Todas as coisas, reais ou imaginárias, formam um único e mesmo ser, chamado Si, Senhor ou “Luz” (prakāśa). Por si só, essa afirmação não é original. Muitas tradições, tanto no Ocidente quanto no Oriente, afirmam essa unidade do ser. Mas, embora geralmente se conclua que as aparências de nossas vidas são meras ilusões, esse não é o caso de Abhinavagupta. Em seu pensamento, a afirmação do ser não é uma negação ou denegação de coisas e seres, mas sim uma celebração. É claro que tudo existe somente por meio dessa Luz e nela. É por isso que ela é o “Senhor”. Tudo depende dela, e ela não depende de nada.
Mas a originalidade está em outro lugar. Pois imediatamente após demonstrar — no tom da filosofia ou da poesia mística — a unidade do ser, o Filho do Yoginī afirma que o ser está cheio de possibilidades, de poderes. Em outras palavras, o ser não é imóvel ou inerte como o céu. Pelo contrário, ele é capaz de tudo. Capaz de tomar consciência de si mesmo, de desejar, de perceber, de agir, de dividir e reunir. Consequentemente, o pensamento, a fala, as atividades humanas e tudo o que se segue nada mais são do que a aventura do Absoluto despertando para si mesmo. O Senhor, nós mesmos (o Si) e todos os seres são uma única existência que se conhece, se confunde e se reconhece, infinitamente, apenas para experimentar a vertigem abismal da perda e depois retornar a si mesmo. Pois, assim como existe apenas um ser, único e infinito, existe apenas um sujeito que sente tudo por meio de diferentes corpos. E, da mesma forma, a única realidade que experimentamos dessa maneira é nós mesmos, o Senhor feito de luz. Essas mil maneiras de perder-se e encontrar-se são os Poderes (śakti) do Senhor, nossas possibilidades.
Portanto, todo o devir nada mais é do que a história desse ser efusivo que brinca de se perder para melhor se encontrar. Observe que esse esquema poderia ser aplicado com a mesma facilidade em um contexto materialista ou científico: somos apenas janelas pelas quais o universo se torna consciente de si mesmo. De fato, Abhinavagupta insiste que o ser puro, sem consciência ou desejo, não passaria de um nada inerte e não mereceria o título de “Senhor”.

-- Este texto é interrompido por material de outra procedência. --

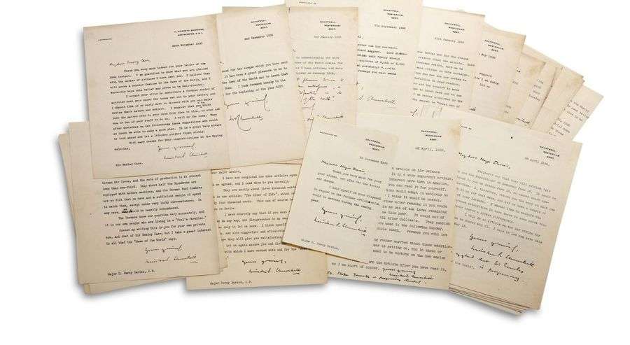 29 L.S. « Winston S. Churchill » avec quelques ajouts autographes, 1934-1951, à l’éditeur de News of the World, A.G. WATERS, ou d’autres responsables du journal | environ 34 pages la plupart sur ff. in-4 à en-tête et vignette | en anglais.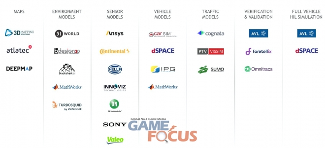 다른 파트너들은 자율주행차 시스템이 특정 핵심 성능 지표를 충족하는지 여부를 평가하는 특정 시나리오 카탈로그와 시나리오 기반 검증 및 검증 방법론을 제공한다. 이러한 기준은 규제 요건 또는 업계 표준일 수 있다. 엔비디아는 자율주행차 시뮬레이션을 위한 표준을 만드는 것을 목표로 전 세계 여러 프로젝트, 컨소시엄 및 표준 조직에 참여하고 있다.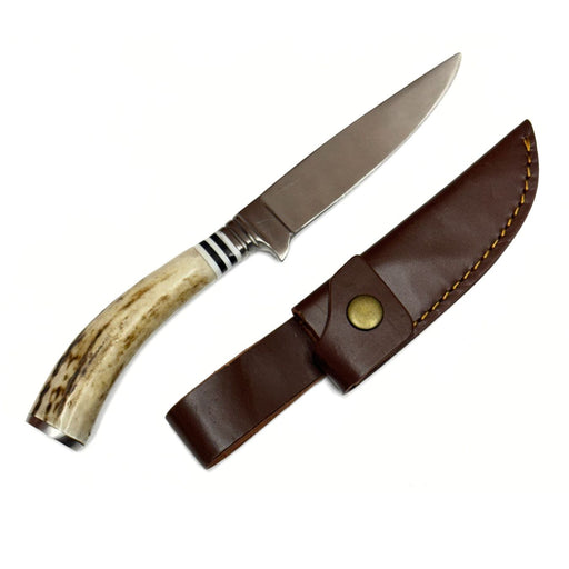 Bowie Hunter Knife with Bone Handle and Leather Sheath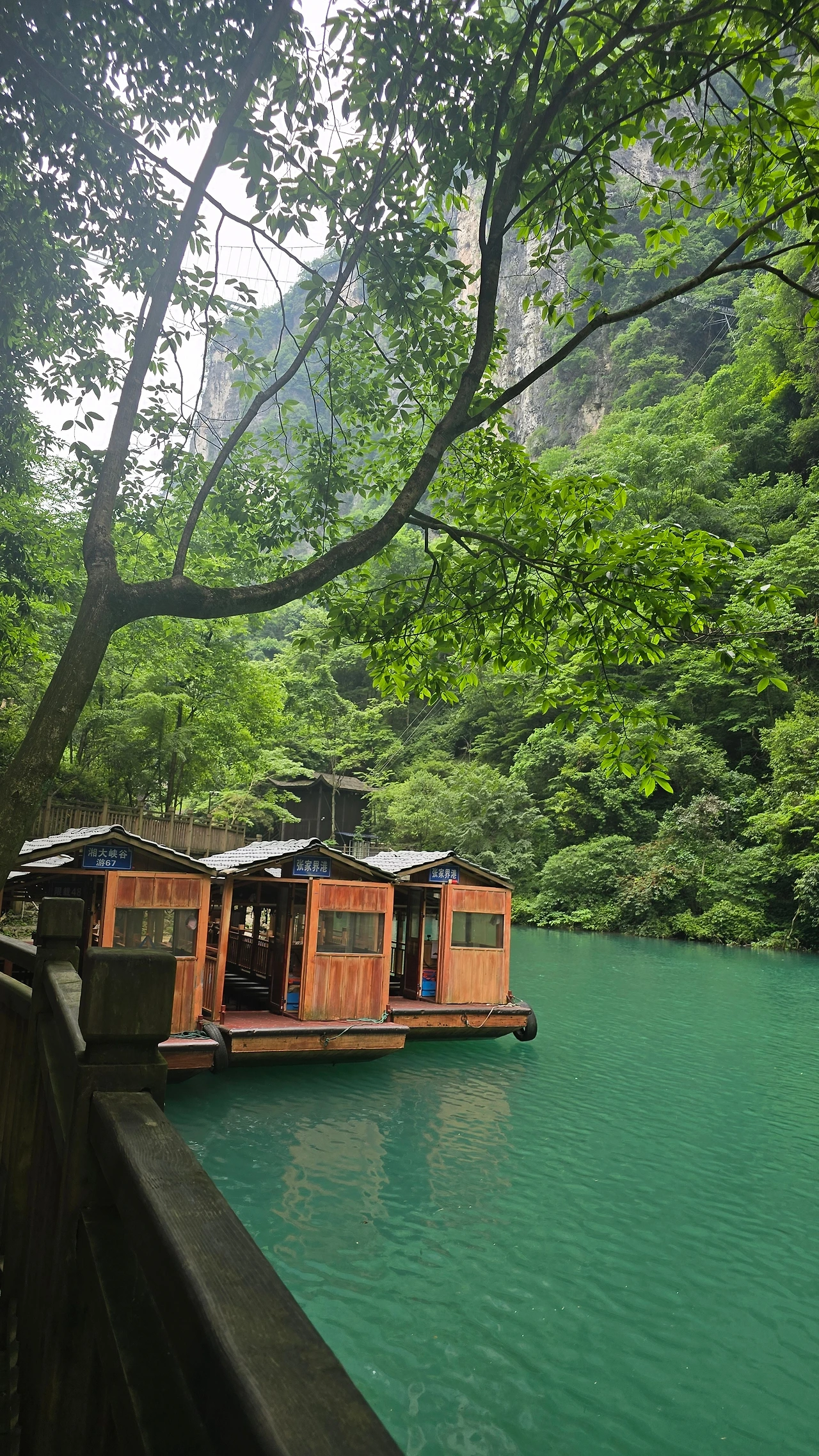 6인승 벤 승합차에 우리 가족 4명과 여성 가이드 한분이 승차하여 장가계 보봉호수에 가 다른 일행들과 함께 유람선을 타고 호수를 구경했다.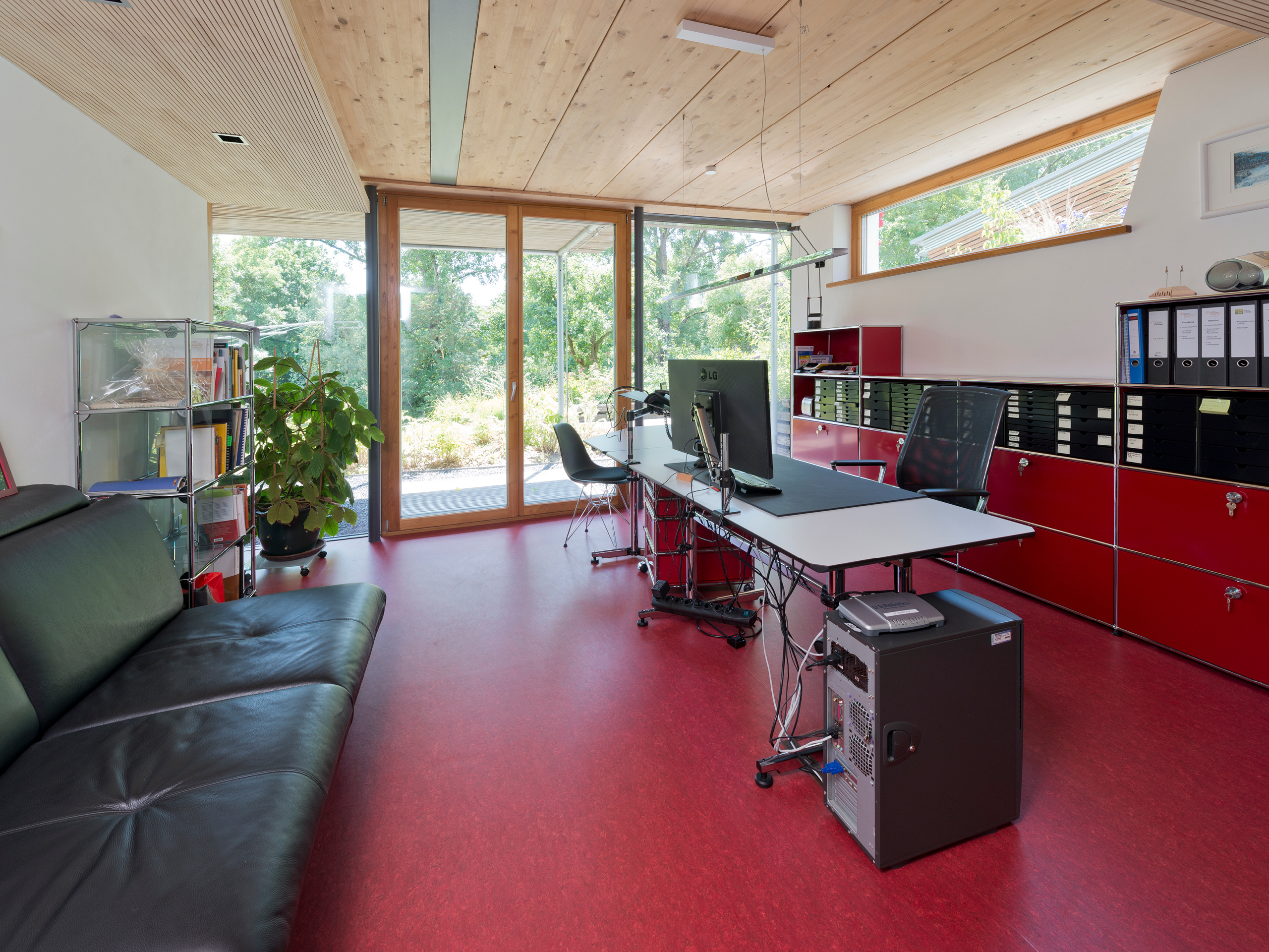 Letzteres gilt auch für die ökologischen Baustoffe: Holz, Holzwerkstoffe, eine Holzfaserdämmung und Gipskartonplatten stehen für gesundes und behagliches Wohnen.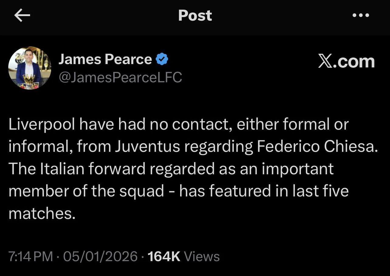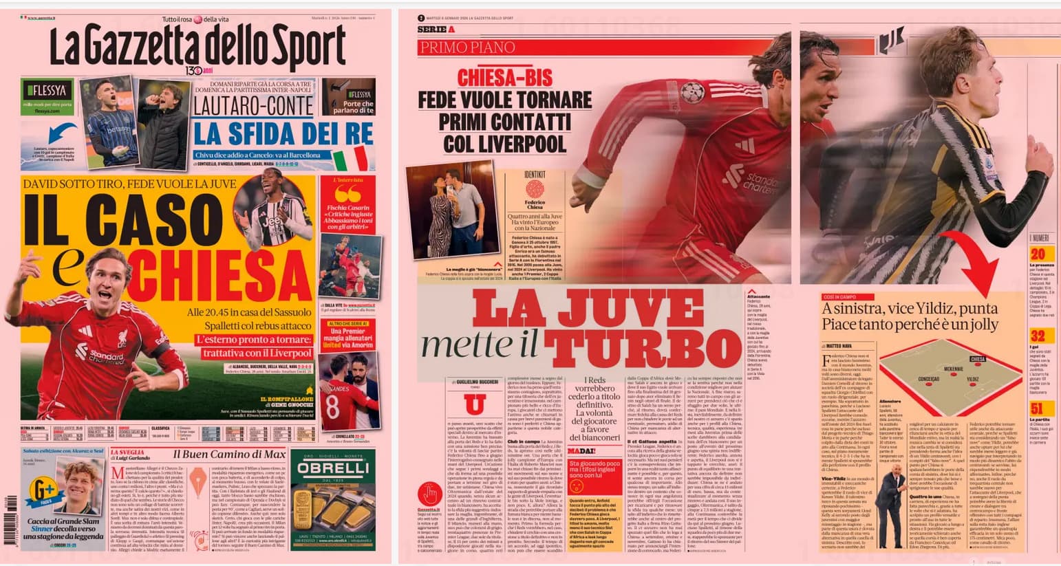Juventus have started talks with Liverpool over a loan move for Federico Chiesa, with the 28-year-old Italy forward open to a return to the Serie A club where he spent two seasons between 2022-2024. (La Gazzetta dello Sport - in Italian)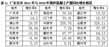 2011年我省各地預拌混凝土產量的增長幅度不一,粵東、粵北和粵西等地的產量增長較大,在全省的比重由2010年的19%提高到28%,較往年有較大提高,如汕尾市2011年預拌混凝土產量為111.3萬立方米,與上年同比增長了326.11%,河源市2011年預拌混凝土產量為305.41萬立方米,與上年同比增長了255.75%,肇慶市2011年的產量為241.6萬立方米,與上年同比增長了97.77%;云浮市2011年的產量為75.5萬立方米,與上年同比增長了64.13%;而廣州、珠海等市因受國際經濟持續動蕩,國家宏觀調控政策、房地產市場等因素的影響,增長較緩慢甚至負增長,分別為4.77%和-8.06%。我省各市2011年預拌混凝土企業的產量與2010年產量同比增長情況如表1:
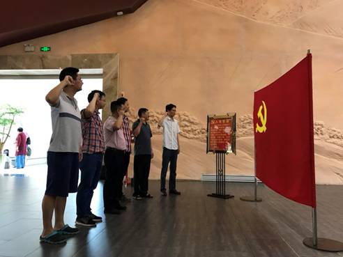 随后在纪念馆宣誓厅,面对鲜红的党旗,支部全体党员高举右手、紧握拳头,重温入党誓词,宣誓共产党人坚定的理想信念。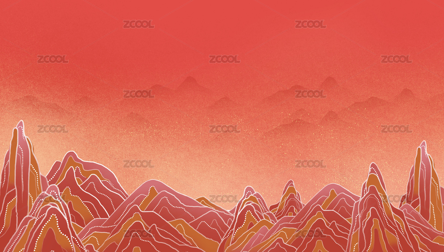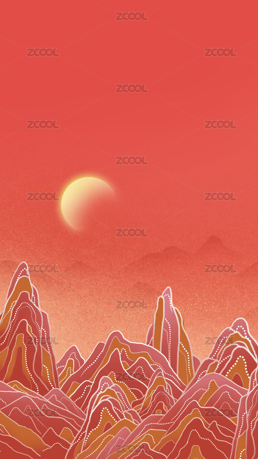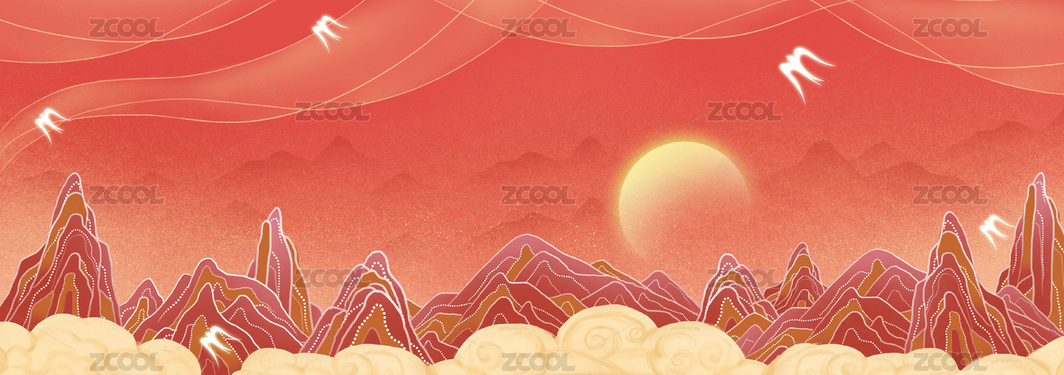 红山岩石国潮风敦煌壁画中国风诗意江山山峰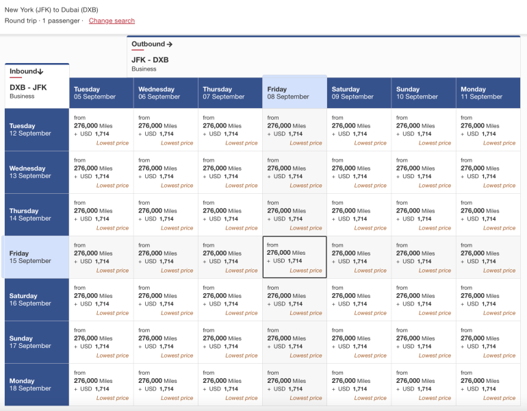 For example, a round-trip, business-class flight from New York-JFK to Dubai requires 276,000 Skywards miles plus an additional $1,700 in taxes, fees and carrier-imposed charges, which is on the high end.

Em resumo, somos a realidade explorando a si mesma. A realidade é o Senhor, e os desejos, os pensamentos, as sensações e a consciência são todas inflexões do Poder, da Deusa. Por exemplo, quando desejo comer uma manga, desejo a mim mesmo, a Manifestação infinita, mas na forma contraída de “essa coisa, desejada por esse indivíduo”. O Senhor é, portanto, tanto sujeito quanto objeto. Sua capacidade de perceber ou desejar a si mesmo como um objeto é seu Poder. Mas como esse objeto nada mais é do que o sujeito, e como toda consciência de algo é, na realidade, consciência de si mesmo e do mesmo Si, no final há apenas unidade: um único ser que se recaptura em um único ato de consciência.